*EXERCISE OBJECTIVE*
Given the records below, the lines starting at the line with "今回の避難所訓練はその集大成" and ending at the line with "Verguld handgeschilderd Eleousa-icoon" should be output exactly, both end lines kept and pictures left out.

[Start of Attachment]

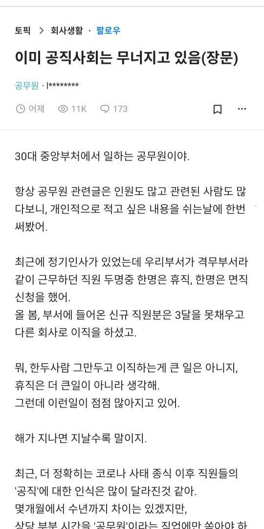 이미 공직사회는 무너지고 있다는 공무원
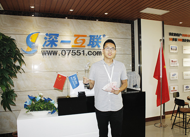 劉自平為商務一部業績銷售冠軍,評為業績之星,頒發獎杯和現金,以茲鼓勵!
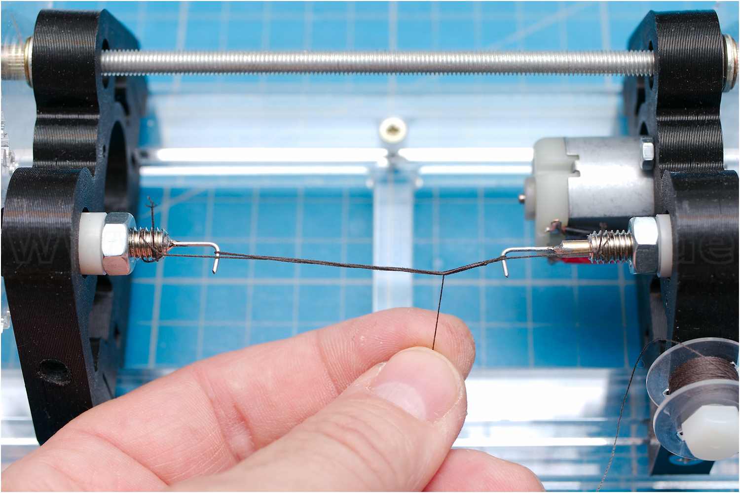 An der Kleedmaschine kann ich zwei Haken einsetzen, binde dort einen Faden so, dass ich auf jeder Seite ein kleines Auge erhalte, nicht viel größer als ein Nadelöhr.
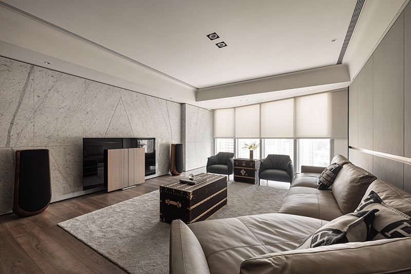 坐落於新北市中和區的一處青年住宅,重新打造出有別以往形象,以星級飯店的磅礡氣勢與細膩質感呈現。設計師模擬用戶在各機能空間中可能所需的情境,美感與實用機能不打折。
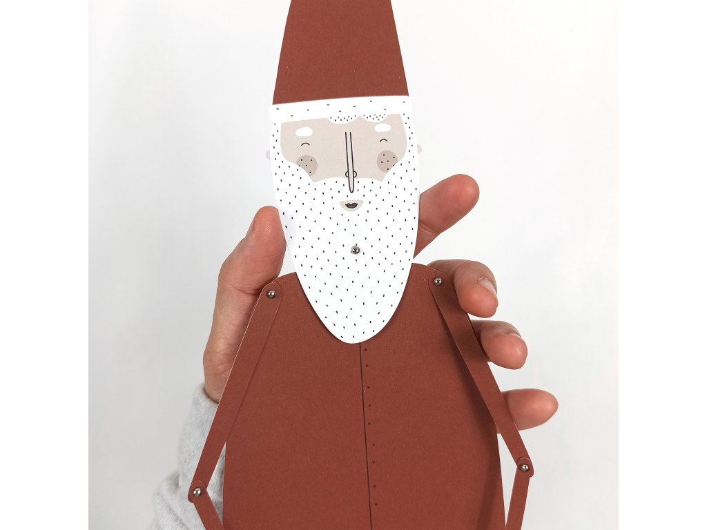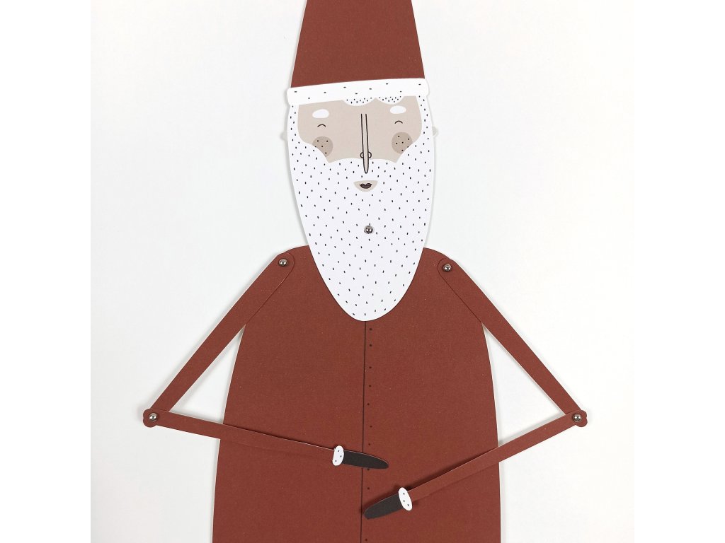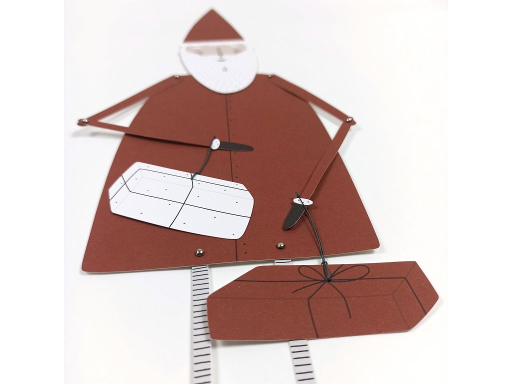 40 cm vysoký Santa s pohyblivými končetinami a dvěma balíčky, které mu lze pověsit na ruku.
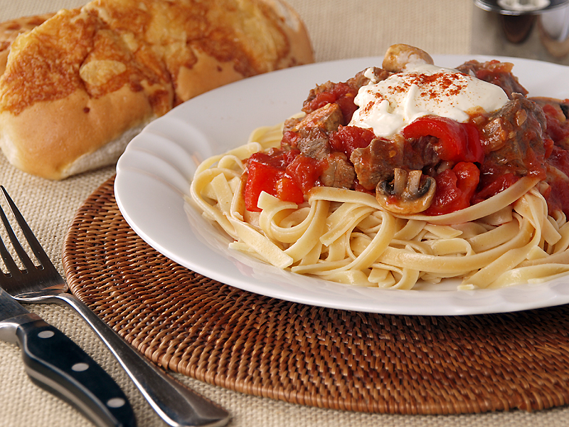 Once the beef becomes tender, you will know the goulash is done. Take the Dutch oven off the heat, and wait for the stew to stop bubbling. Then, stir in the sour cream, taste to check for seasonings, and finally, serve over hot buttered noodles, with a generous sprinkling of fresh chopped parsley and an additional dollop of sour cream.
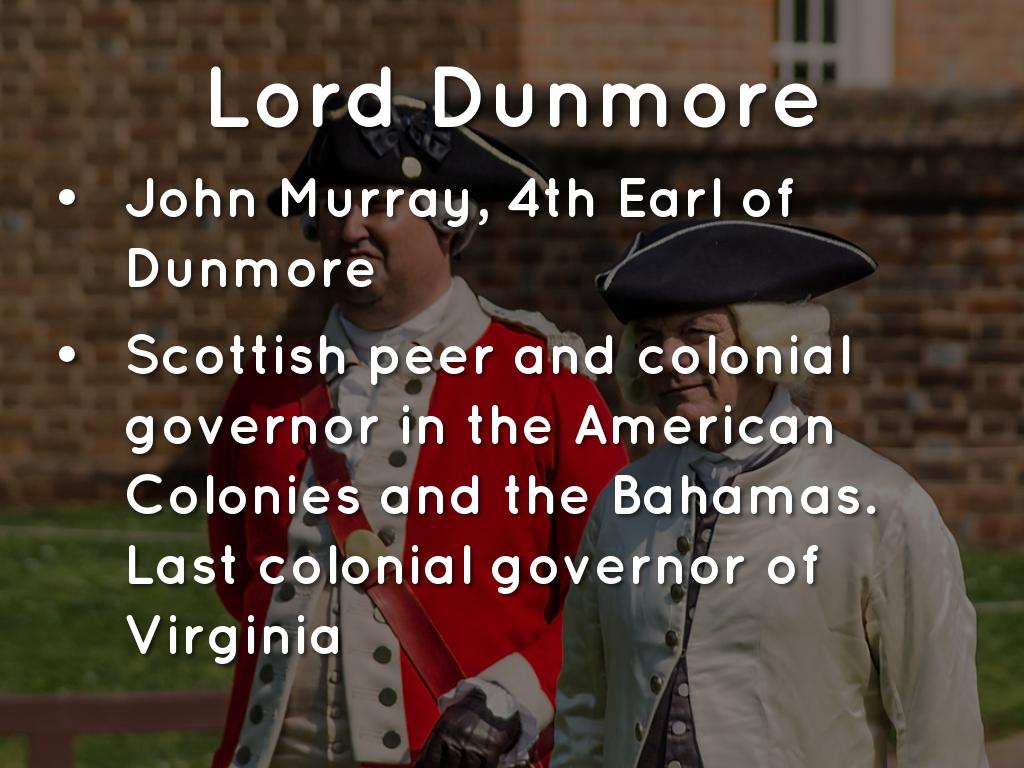 • Scottish peer and colonial governor in the American Colonies and the Bahamas. Last colonial governor of Virginia
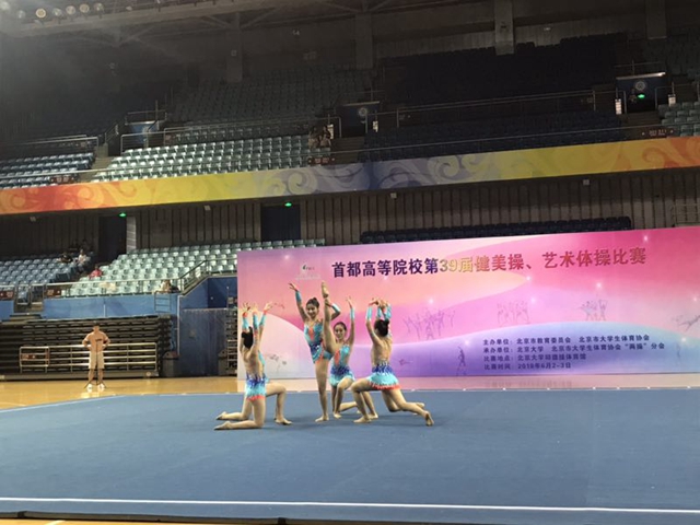 6月2日,2018年首都高校第39届健美操、艺术体操比赛在北京大学邱德拔体育馆举行。本次比赛由北京市教委、北京市大学生体育协会主办,由北京大学、北京市大学生体育协会“两操”分会承办。我校由体育部王娟老师带队的校艺术体操队出征本次大赛,取得艺术体操大学组团体总分第一名骄人成绩,创造了我校艺术体操队在该项比赛中的连续三连冠佳绩,实现了校艺术体操队新的突破。
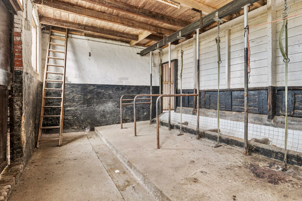 Rondom de schuur en achter de woning is alles verhard, ideaal om te parkeren en naar de schuur te rijden voor in- en uitladen. De schuur is 130m2 groot en heeft een betonnen vloer. Aan beide zijdes is een metalen dubbele deur, daarnaast is er nog een hooizolder, fietsenberging en een ruimte waar vroeger de koeien op stal stonden. Verder is er een bron in de schuur en buiten aanwezig.
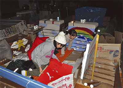 今回の避難所訓練はその集大成のひとつとなるもの。昼間は、避難所生活で必要となりそうなものを各自で考えて持参し、避難所となる体育館の区割りや仮設トイレの組み立てを行い、持ち寄った非常食で食事をとった。そして、一度帰宅してから夜の部のために再登校。災害時の停電を想定して、真っ暗な校舎の中から毛布などを体育館に運び、持参したライトを使いながら寝床を作り、宿泊訓練を行った。2日前に雪が降ってこの日も寒さの厳しい中、段ボールを重ねたり寝袋の中に毛布を入れるなど独自の工夫で防寒対策をした児童たち。出石咲楽さんと小澤結衣さんは「夜の暗い校舎は怖かった。でもみんなで協力すれば怖くないし、大切だと思った」と感想を話した。訓練にあたって児童の安全を最優先に考慮したクラス担任の鈴木紀知教諭は「今日の訓練は保護者や地域の多くの方の協力で実現できた。子どもたちは失敗したことも多くあったと思うが、訓練ではそれが大事。今日経験したことをしっかり役立ててほしい」と語った。
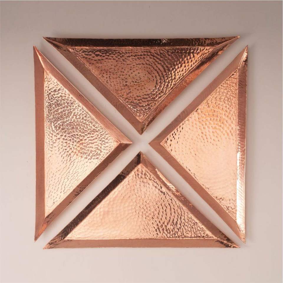 ชุดถาดทองแดงตีขึ้นรูปด้วยมือคุณภาพพรีเมียม ถาดโลหะรูปสามเหลี่ยมอเนกประสงค์สำหรับตกแต่งโต๊ะออตโตมัน ท็อปเคาน์เตอร์ และโต๊ะอาหาร
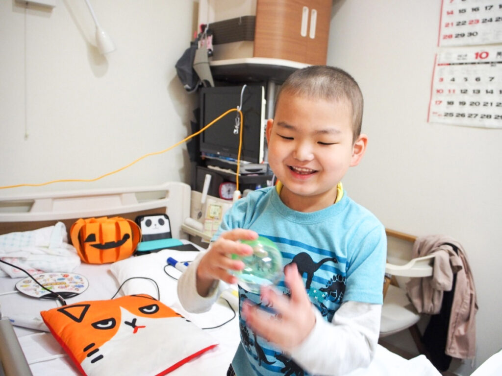入院中の子ども達は日々痛みを伴う治療やリハビリと向き合っています。また、検査結果によっては病室からプレイルームへ出ることさえ禁止される事もあります。
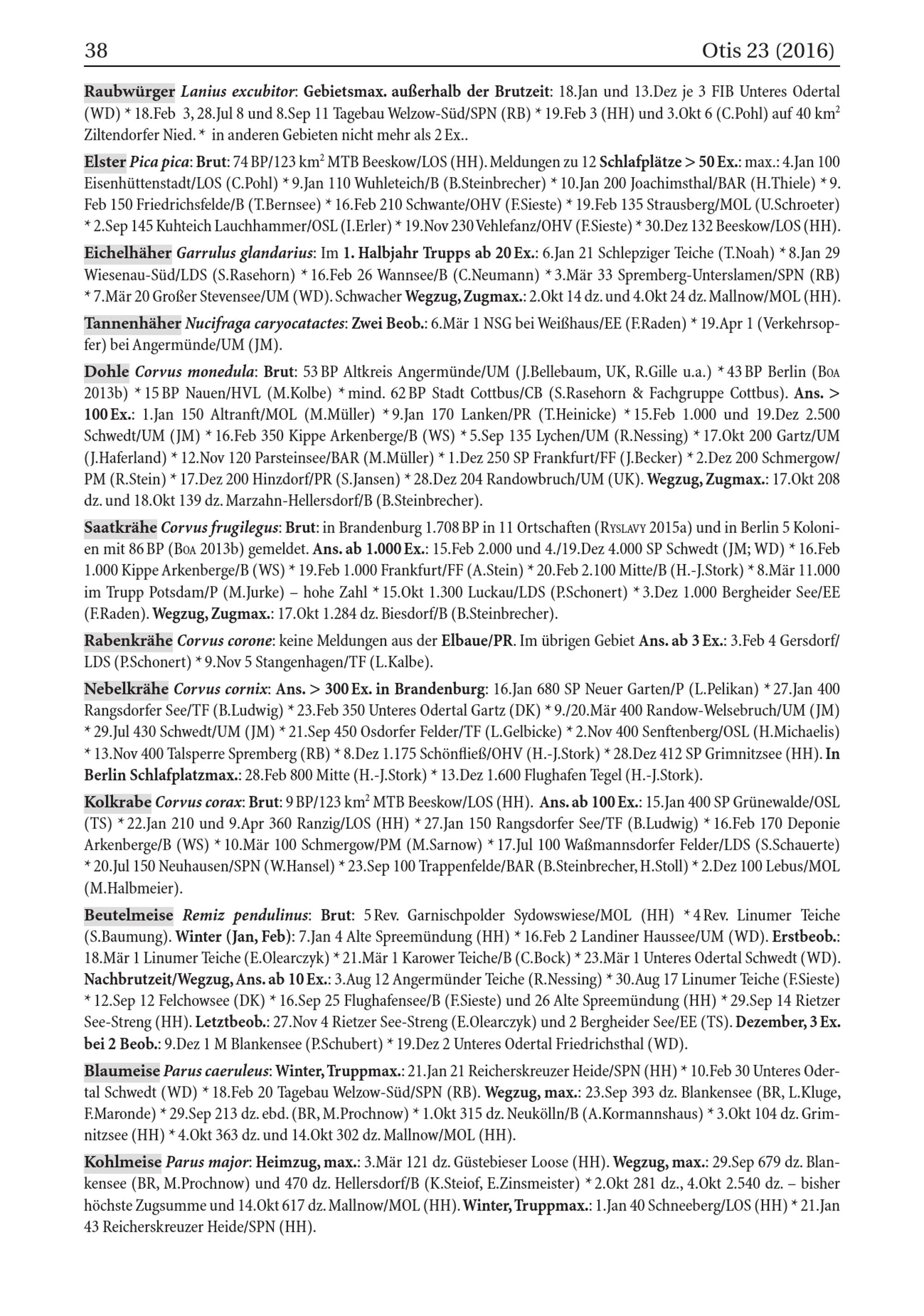 Dohle Corvus monedula: Brut: 53 BP Altkreis Angermünde / UM( J.Bellebaum, UK , R.Gille u.a.)* 43 BP Berlin ( BOA 2013b)* 15 BP Nauen / HVL ( M.Kolbe)* mind. 62 BP Stadt Cottbus / CB( S.Rasehorn& Fachgruppe Cottbus ). Ans.> 100 Ex.: 1.Jan 150 Altranft/ MOL( M.Müller)* 9.Jan 170 Lanken/ PR( T.Heinicke)* 15.Feb 1.000 und 19.Dez 2.500 Schwedt / UM( JM)* 16.Feb 350 Kippe Arkenberge/ B( WS)* 5.Sep 135 Lychen / UM( R.Nessing)* 17.Okt 200 Gartz / UM ( J.Haferland)* 12.Nov 120 Parsteinsee/ BAR( M.Müller)* 1.Dez 250 SP Frankfurt / FF( J.Becker)* 2.Dez 200 Schmergow / PM( R.Stein)* 17.Dez 200 Hinzdorf/ PR( S.Jansen)* 28.Dez 204 Randowbruch/ UM( UK ). Wegzug, Zugmax.: 17.Okt 208 dz. und 18.Okt 139 dz. Marzahn- Hellersdorf/ B( B.Steinbrecher).
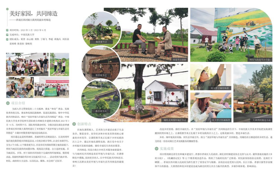 此次入选案例成果,是美术学院环境设计专业夏晋教授工作室师生团队联合西厢房乡建联合机构于2023年3月-6月间,利用课余时间完成的“美好环境与幸福生活共同缔造”主题乡村微景观环境改造实践活动之一。该项目通过走进村湾调研、美丽村湾生活规划设计,以及村湾环境在地化微景观共同缔造活动,基于生态美学、聚落美学、美学经济和乡村美育4项核心要素的乡村美学,将课程教学真正扎根于乡村实践的沃土之中。通过在地化课程实践,在没有任何预制草图方案的前提下,团队师生利用当地居民提供的闲置旧物,现场设计搭建,自主选材实施,在当地居民、乡贤、村干部的共同协助下完成村湾环境规划、微景观改造、美丽村湾墙绘等乡村文化振兴打卡点,描绘了幸福民生的美好愿景,得到了当地人民群众的一致好评。
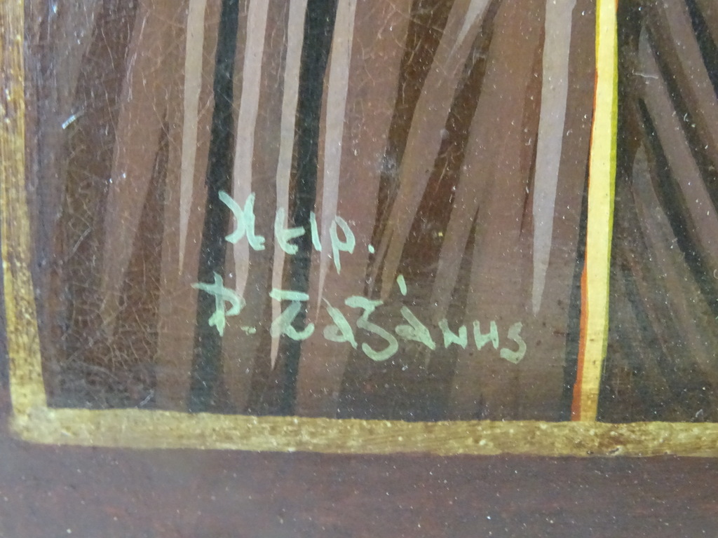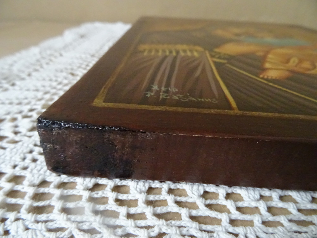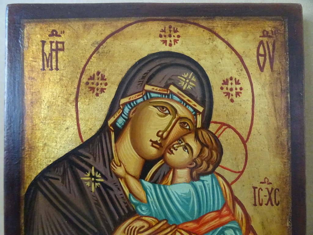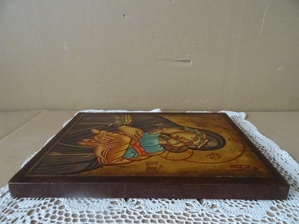 Verguld handgeschilderd Eleousa-icoon 21x28cmvervaardigd in 1978. Dit fraaie icoon, ook wel icoon de Maagd van de Tederheid genoemd, bestaat uit een geschilderde en vergulde afbeelding op een paneel van hout. Het is op traditionele wijze vervaardigd en in een schitterende gebruikte staat, zie foto’s. De (waarschijnlijk Griekse) maker heeft het stuk gesigneerd en gedateerd 1978.
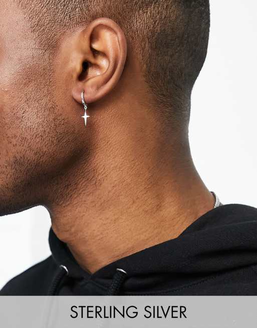 ASOS DESIGN sterling silver mini hoops with dropped cross
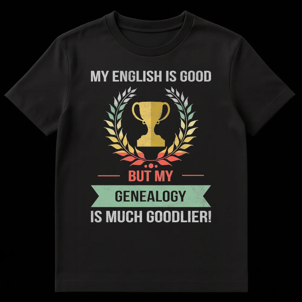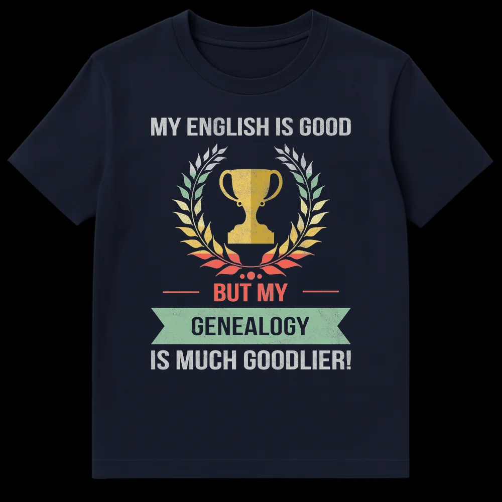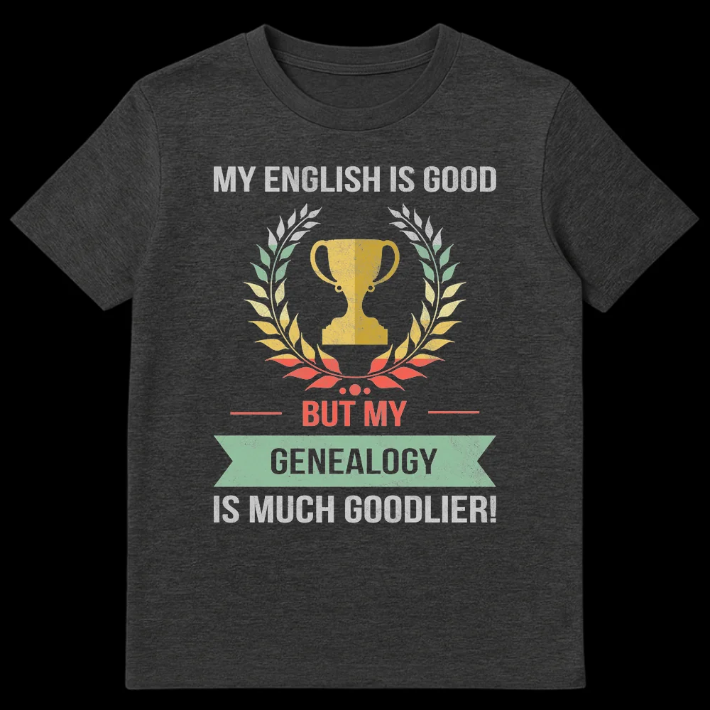 Celebrate your family roots with this witty ‘My English is Goodlier’ genealogy t-shirt! Featuring a vintage distressed trophy and laurel wreath, it humorously declares your passion for ancestry. Perfect for family historians or anyone who loves a clever linguistic pun, this shirt makes a fantastic gift for genealogy buffs.

[End of Attachment]

*RESULT OF THIS TASK*
 今回の避難所訓練はその集大成のひとつとなるもの。昼間は、避難所生活で必要となりそうなものを各自で考えて持参し、避難所となる体育館の区割りや仮設トイレの組み立てを行い、持ち寄った非常食で食事をとった。そして、一度帰宅してから夜の部のために再登校。災害時の停電を想定して、真っ暗な校舎の中から毛布などを体育館に運び、持参したライトを使いながら寝床を作り、宿泊訓練を行った。2日前に雪が降ってこの日も寒さの厳しい中、段ボールを重ねたり寝袋の中に毛布を入れるなど独自の工夫で防寒対策をした児童たち。出石咲楽さんと小澤結衣さんは「夜の暗い校舎は怖かった。でもみんなで協力すれば怖くないし、大切だと思った」と感想を話した。訓練にあたって児童の安全を最優先に考慮したクラス担任の鈴木紀知教諭は「今日の訓練は保護者や地域の多くの方の協力で実現できた。子どもたちは失敗したことも多くあったと思うが、訓練ではそれが大事。今日経験したことをしっかり役立ててほしい」と語った。
 ชุดถาดทองแดงตีขึ้นรูปด้วยมือคุณภาพพรีเมียม ถาดโลหะรูปสามเหลี่ยมอเนกประสงค์สำหรับตกแต่งโต๊ะออตโตมัน ท็อปเคาน์เตอร์ และโต๊ะอาหาร
入院中の子ども達は日々痛みを伴う治療やリハビリと向き合っています。また、検査結果によっては病室からプレイルームへ出ることさえ禁止される事もあります。
 Dohle Corvus monedula: Brut: 53 BP Altkreis Angermünde / UM( J.Bellebaum, UK , R.Gille u.a.)* 43 BP Berlin ( BOA 2013b)* 15 BP Nauen / HVL ( M.Kolbe)* mind. 62 BP Stadt Cottbus / CB( S.Rasehorn& Fachgruppe Cottbus ). Ans.> 100 Ex.: 1.Jan 150 Altranft/ MOL( M.Müller)* 9.Jan 170 Lanken/ PR( T.Heinicke)* 15.Feb 1.000 und 19.Dez 2.500 Schwedt / UM( JM)* 16.Feb 350 Kippe Arkenberge/ B( WS)* 5.Sep 135 Lychen / UM( R.Nessing)* 17.Okt 200 Gartz / UM ( J.Haferland)* 12.Nov 120 Parsteinsee/ BAR( M.Müller)* 1.Dez 250 SP Frankfurt / FF( J.Becker)* 2.Dez 200 Schmergow / PM( R.Stein)* 17.Dez 200 Hinzdorf/ PR( S.Jansen)* 28.Dez 204 Randowbruch/ UM( UK ). Wegzug, Zugmax.: 17.Okt 208 dz. und 18.Okt 139 dz. Marzahn- Hellersdorf/ B( B.Steinbrecher).
 此次入选案例成果,是美术学院环境设计专业夏晋教授工作室师生团队联合西厢房乡建联合机构于2023年3月-6月间,利用课余时间完成的“美好环境与幸福生活共同缔造”主题乡村微景观环境改造实践活动之一。该项目通过走进村湾调研、美丽村湾生活规划设计,以及村湾环境在地化微景观共同缔造活动,基于生态美学、聚落美学、美学经济和乡村美育4项核心要素的乡村美学,将课程教学真正扎根于乡村实践的沃土之中。通过在地化课程实践,在没有任何预制草图方案的前提下,团队师生利用当地居民提供的闲置旧物,现场设计搭建,自主选材实施,在当地居民、乡贤、村干部的共同协助下完成村湾环境规划、微景观改造、美丽村湾墙绘等乡村文化振兴打卡点,描绘了幸福民生的美好愿景,得到了当地人民群众的一致好评。
 Verguld handgeschilderd Eleousa-icoon 21x28cmvervaardigd in 1978. Dit fraaie icoon, ook wel icoon de Maagd van de Tederheid genoemd, bestaat uit een geschilderde en vergulde afbeelding op een paneel van hout. Het is op traditionele wijze vervaardigd en in een schitterende gebruikte staat, zie foto’s. De (waarschijnlijk Griekse) maker heeft het stuk gesigneerd en gedateerd 1978.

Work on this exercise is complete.